For whatever reason, I often think of AB de Villiers as a wicketkeeper but that appears to be rather misguided. He only had the gloves on in 24 of 114 tests, and 59 of 218 ODIs. Weird.
His name cropped up when we were putting this together but we actually saw him more in the ‘kept more than you think he did’ category.
I believe AB also had a decent batting avg as a keeper
The problem with these “batsmen who also did wicketkeeping” characters, as distinct from “wicketkeepers proper” is that the latter group includes many who are/were as mad as a box of frogs, whereas the former group is devoid of such characters.
Alan Knott & Jack Russell are the most obvious examples from the canon of eccentric England keepers, but other corners of the cricketing world have yielded some nutty stumpers – with Rishabh Pant continuing a tradition of Indian eccentrics that goes back to Farokh Engineer if not further.

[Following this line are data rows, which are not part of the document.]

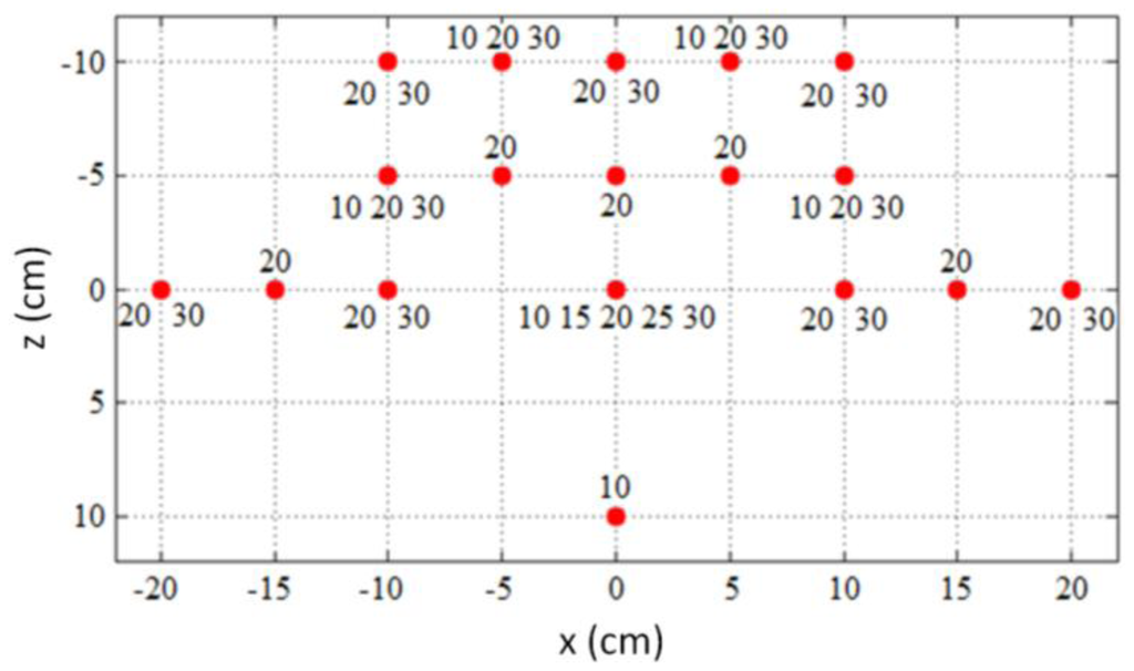 The 37 reference locations where static measurements were performed are shown in Figure 5. The locations of the reference points were selected systematically to cover the majority of the sensory space of the controller. The number at each location in the figure indicates the height (the position on the y axis in cm) at which the individual measurements were taken. The actual measurements were taken close to the reference point in the measurement grid with an offset less than 5 mm. At least 4,000 samples were measured at each location. A total of 214,546 samples were obtained for the entire sensory space.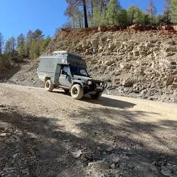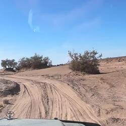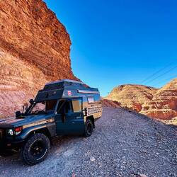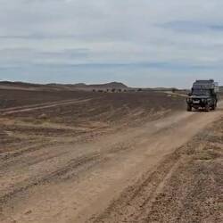 Aufgrund tiefer Spurrillen auf dieser Piste, kann sich der Schwierigkeitsgrad für die Passage erhöhen. Wieder sind wir dankbar für unsere hohe Bodenfreiheit. Die gesamte Strecke wird nicht insta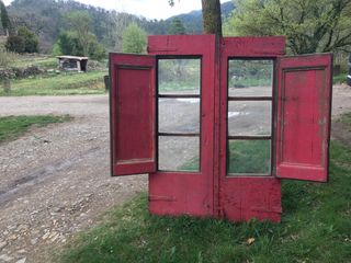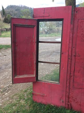 Preciosa puerta de madera antigua, ideal para restaurar o dar un toque rústico a tu hogar. - Fabricada en madera maciza de mobila vieja. - Diseño clásico con 2 partes de dos hojas cada una con ventanas y rejas totalmente funcionales. - Presenta señales de uso y paso del tiempo, lo que le da un encanto único. - Perfecta para proyectos de bricolaje o decoración. Con una mano de lasur a agua se queda nueva. -Precio negociable.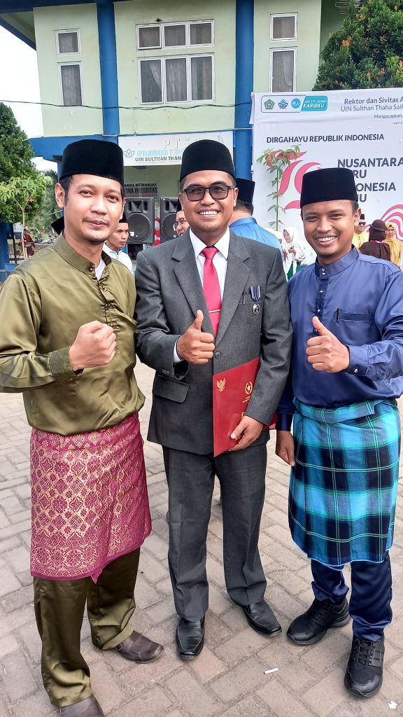 Kepala Perpustakaan UIN Sulthan Thaha Saiffudddin Jambi Mohd. Isnaini, S.Pd.I., M.Hum menerima penghargaan Satyalencana Satya Karya 20 tahun masa pengabdian seabgai Aparatur sipil Negara (ASN) sebagai Pustakawan UIN Sulthan Thaha Saiffuddin Jambi, perhargan mendali Perak serta sertifikat yang diberi oleh Presiden Rebuplik Indonesia H.Joko Widodo merupakan penghargaan sebagai ASN yang pengabdiannya telah banyak memberi kontribusi untuk Negara dan lembaga. Penyematan Mendali Perak langusng disemat oleh rektor UIN Sulthan Thaha Saifuddin Jambi pada kegiatan Upacara HUT RI k3 79 tahun 2024 sabtu kemaren (17/08/2024) bertempat dihalaman kampus UIN Sulthan Thaha Saiffuddin Jambi, pada momen tersebut tidak hanya Kepala Perpustakaan yang meneriman penghargaan tersebut, tetapi ada 52 orang ASN UIN STS Jambi yeng menerima penghargaan tersebut ada Satyalencana 30, 20 dan 10 Tahun pengabdian.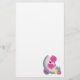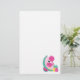 Papel de carta com uma ilustração fofinha de um flamingo cor-de-rosa com algumas melancias e abacaxis. Esquema de cor rosa e verde. Sumério e tropical.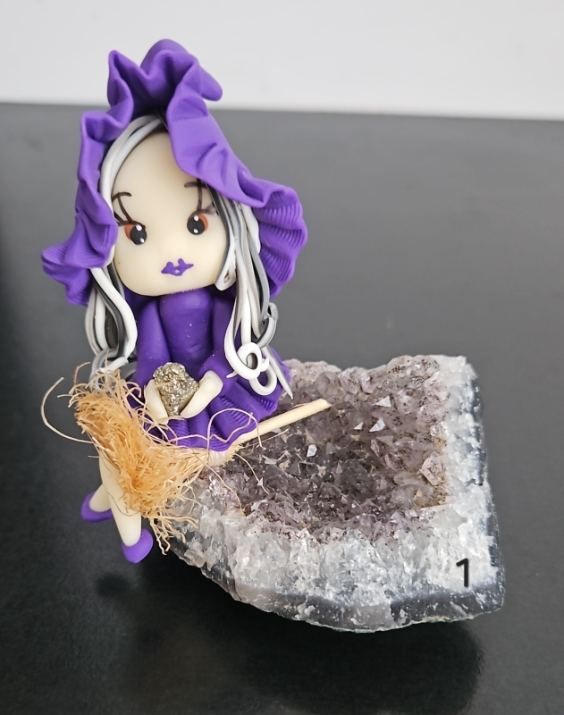 Deze leuke heksjes op amethist zijn handgemaakt. En allemaal anders. afmeting circa 10 - 15cm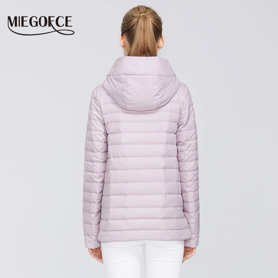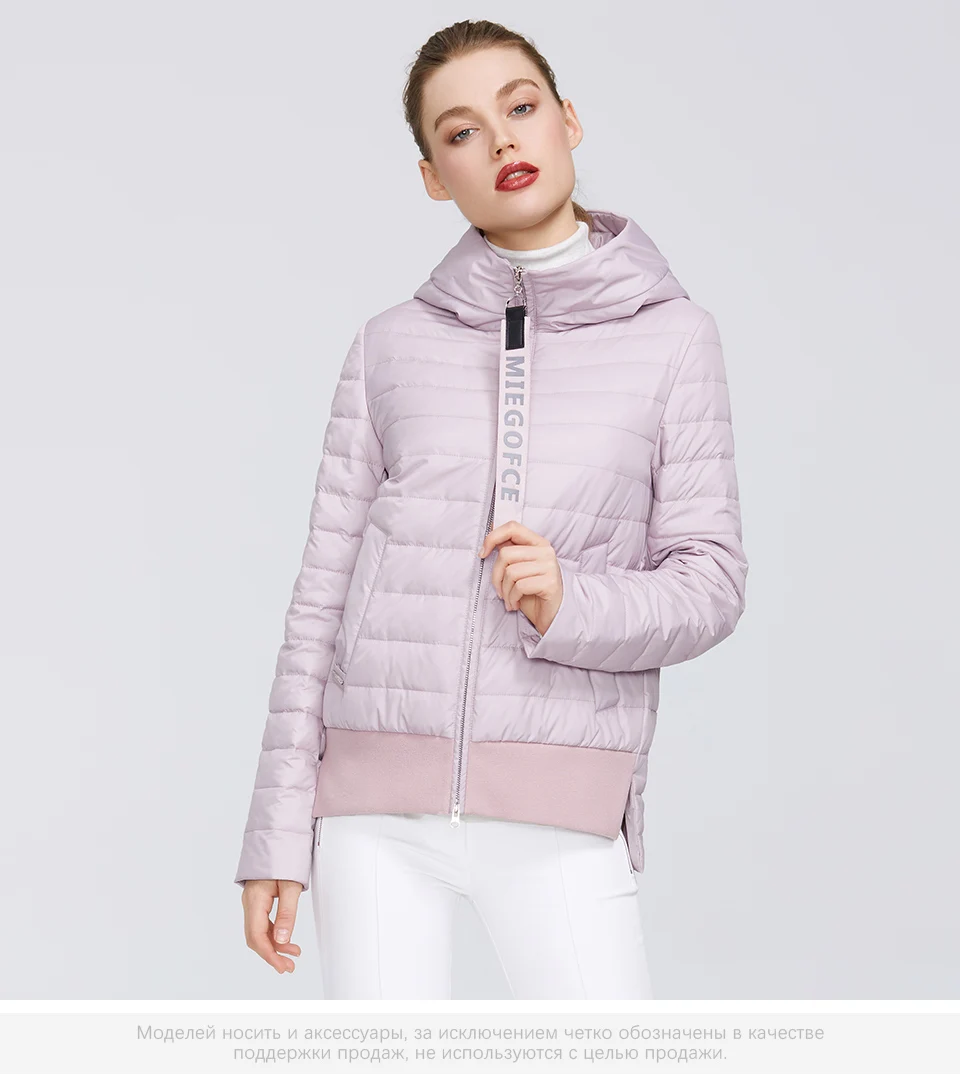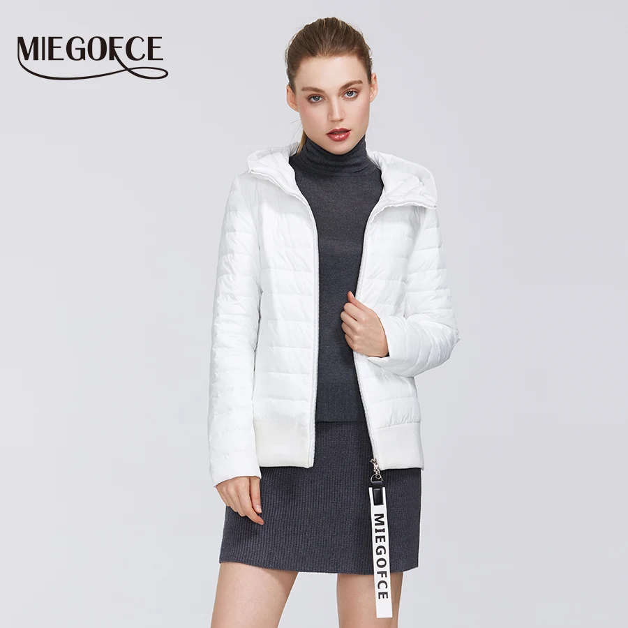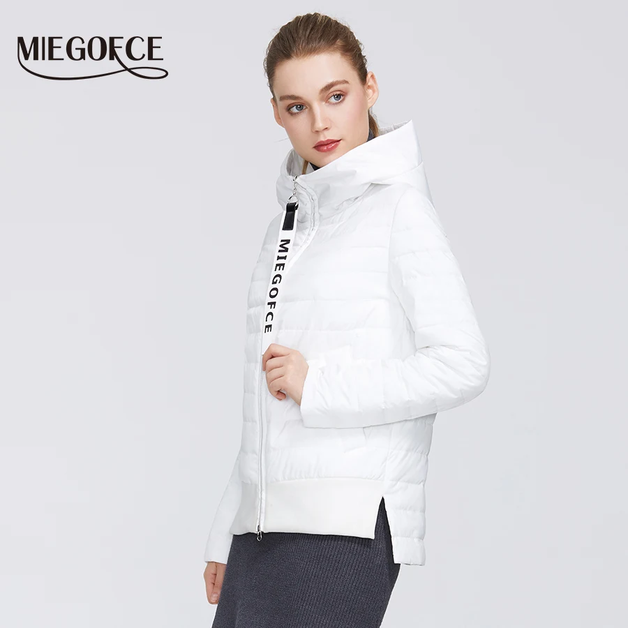MIEGOFCE 2020 Дизайнерская Весенняя Женская Коллекция Хлопчатобумажная Женская Весенняя Куртка Короткой Длины Стойкий Воротник С Капюшоном Куртка на Молнии с Лого MIEGOFCE Спортивно-Класическое пальто
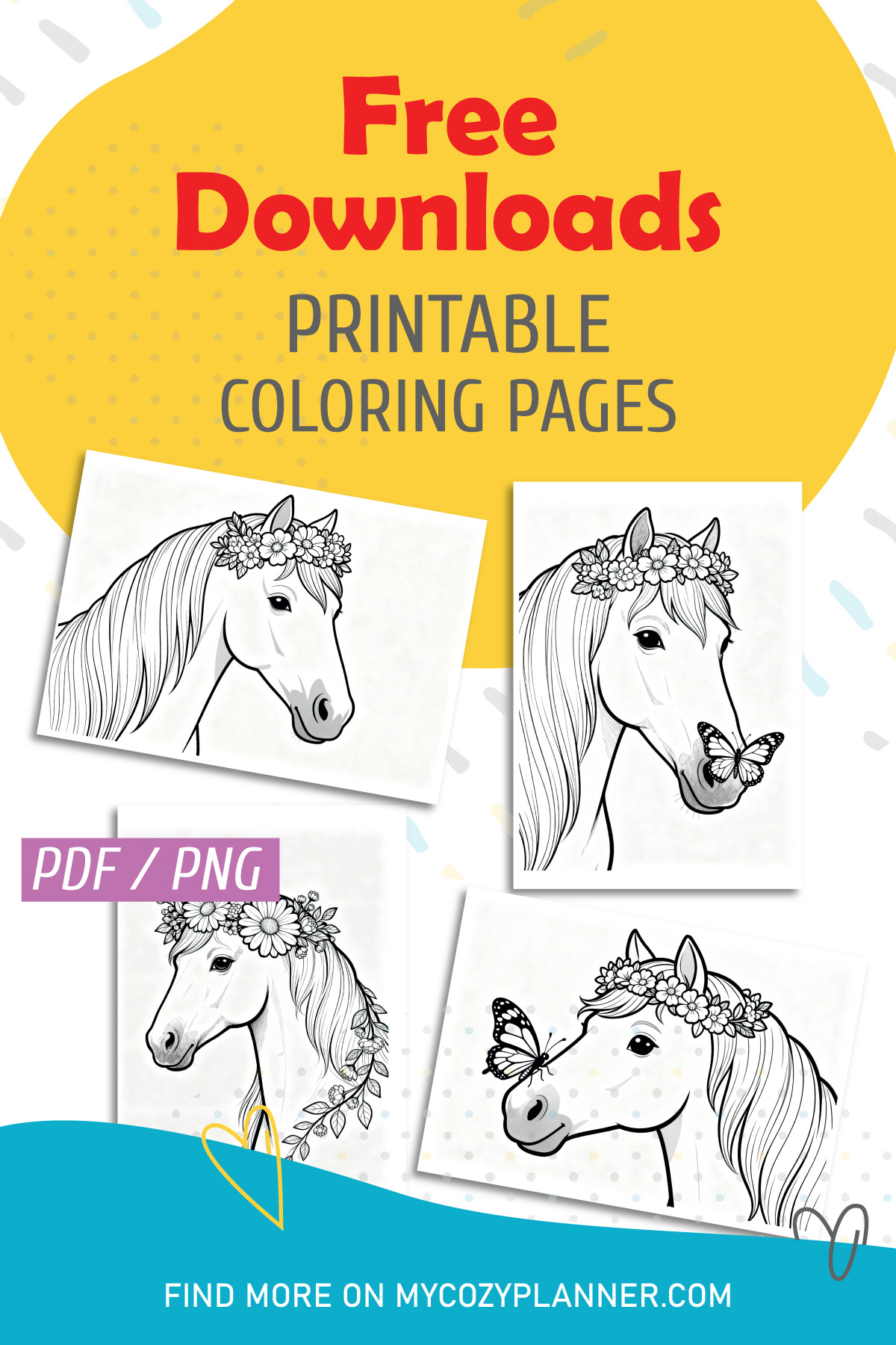 Introducing our Free Horse and Flowers Coloring Pages – a beautiful and calming collection of printables featuring elegant horse heads surrounded by floral designs!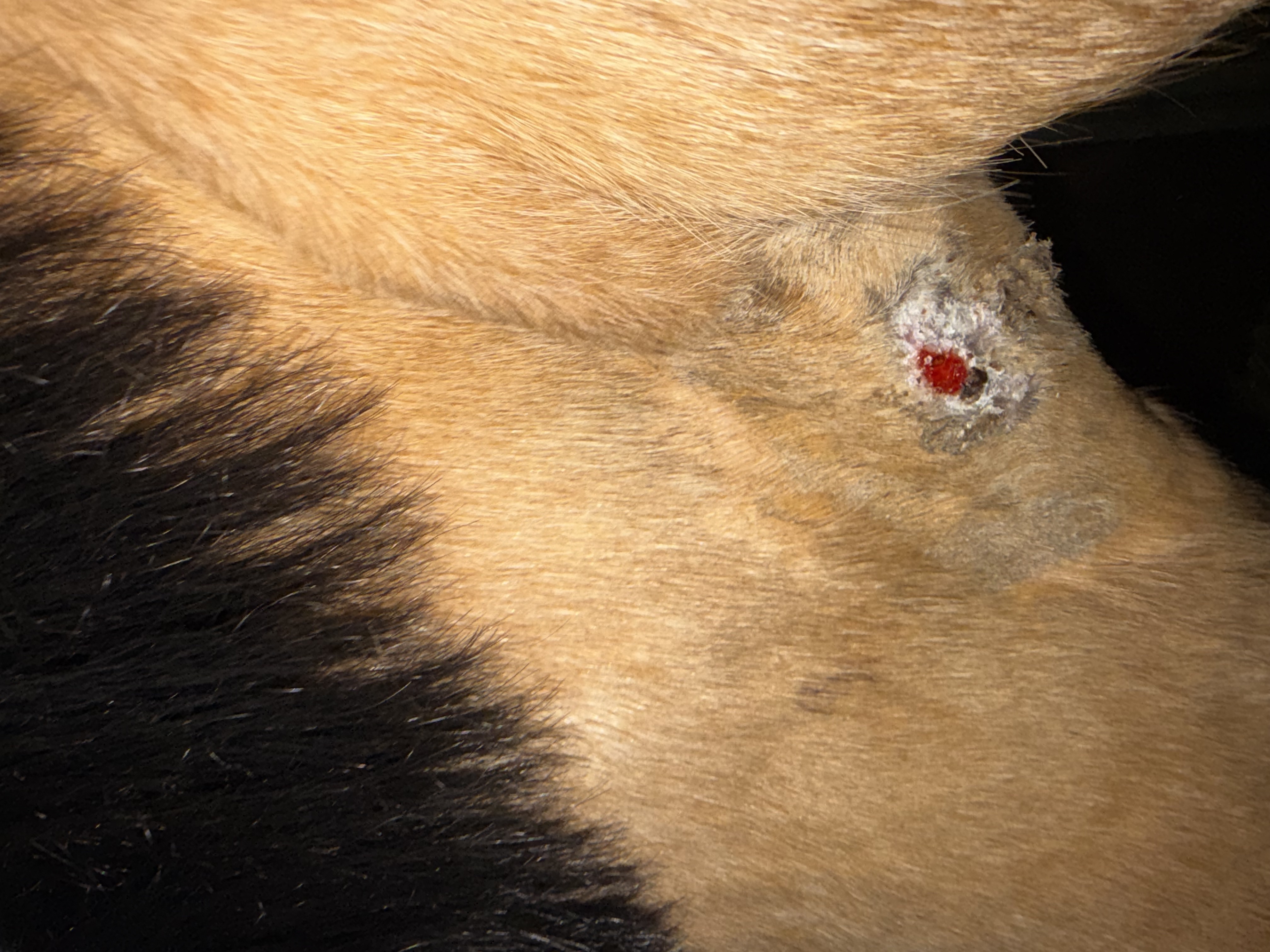 Gestern sah das Sarkoid so aus. Eigentlich sieht es ja nur blutig und nicht wie sonst auch eitrig aus. Ich hätte gedacht, dass wir warten, aber ich bin mir unsicher, ob wir nicht doch schmieren müssten? Was denkst Du?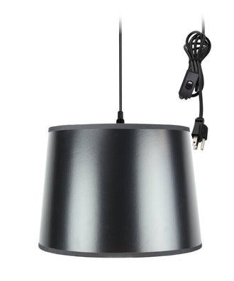 The 14" W 1 Light Swag Plug-In Pendant is a sophisticated addition to any home, featuring a sleek black and gold shade that exudes modern elegance. The pendant's drum-shaped shade has a top diameter of 12 inches, a bottom diameter of 14 inches, and a slant height of 10 inches, making it a perfect size for various spaces. The exterior boasts a rich black finish, while the interior is lined with a luxurious gold parchment, creating a warm and inviting glow when illuminated. The design is complemented by a durable 17-foot black cord, allowing for flexible placement and easy installation.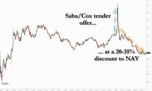 不出所料,在Saba提出收購要約的消息傳出后,Blue Owl的股價飆升,但隨后隨著市場仔細(xì)閱讀條款并發(fā)現(xiàn)擬議的收購要約折扣,股價大幅下跌。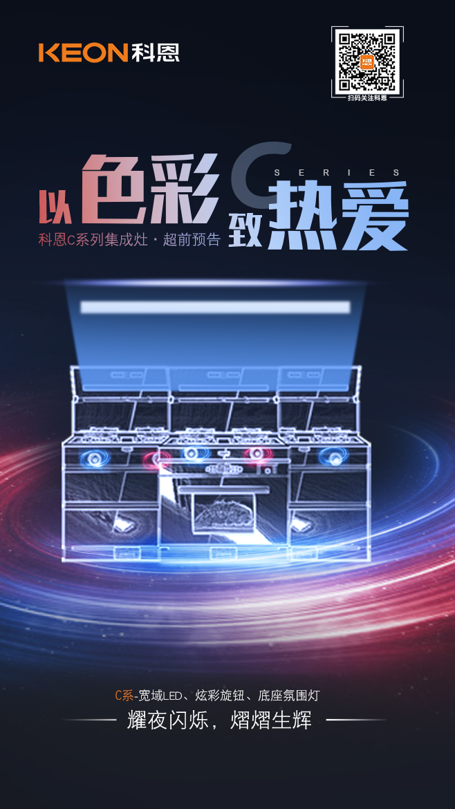 一眼,鮮明,再睹,目不轉睛,科恩C系集成灶,打破常規邊界,同向而行以色彩致熱愛,將無限溫柔與浪漫一并贈予你!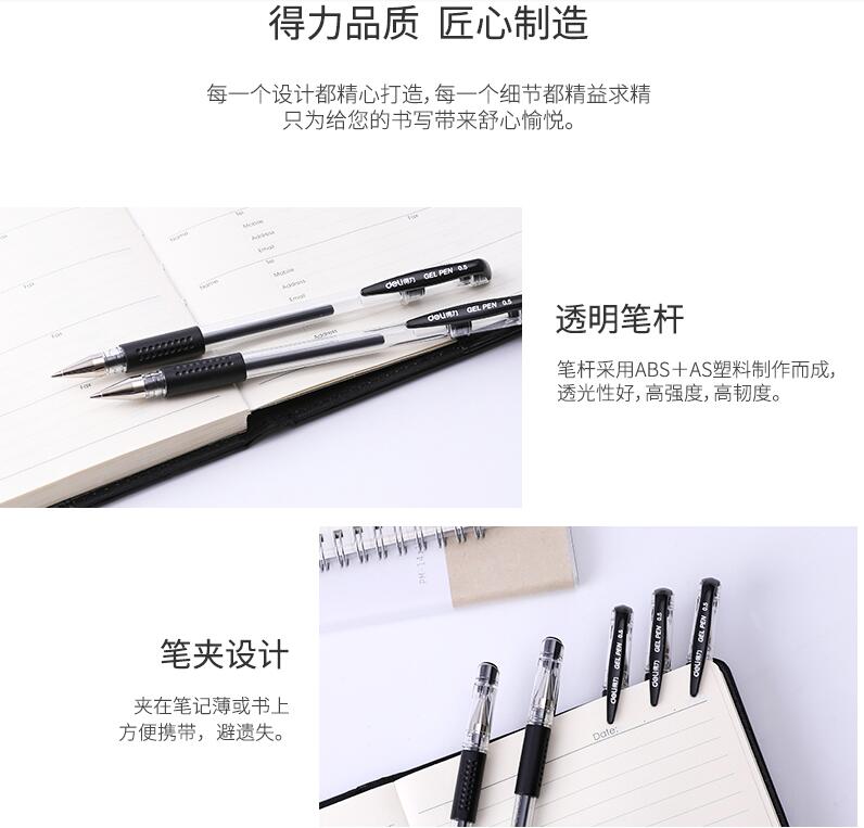 得力文具33140中性筆學(xué)生考試量販?zhǔn)胶诠P水筆碳素筆0.5mm辦公用品包郵書寫工具60支裝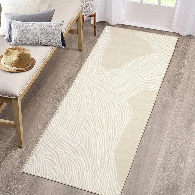 Washable Floral Area Rug 2x6 FT, Non-Slip Low Pile Carpet for Living Room, Bedroom & Office Rug with Floral Pattern, Beige

Certainly the tradition in England goes back a long way. Mordecai Sherwin as goalkeeper/wicketkeeper is but one example: https://en.wikipedia.org/wiki/Mordecai_Sherwin
Niroshan Dickwella.
Indeed – pretty darned crazy.
In the fine tradition of Daisy anglicising southern-Asian names (eg Sir Alf Ganguly) Daisy was surprised when she learned that the Sri Lankan keeper was named Dick Weller.
I wouldn’t call him “mad”, Niroshan just has “Big Dick(wella) Energy”.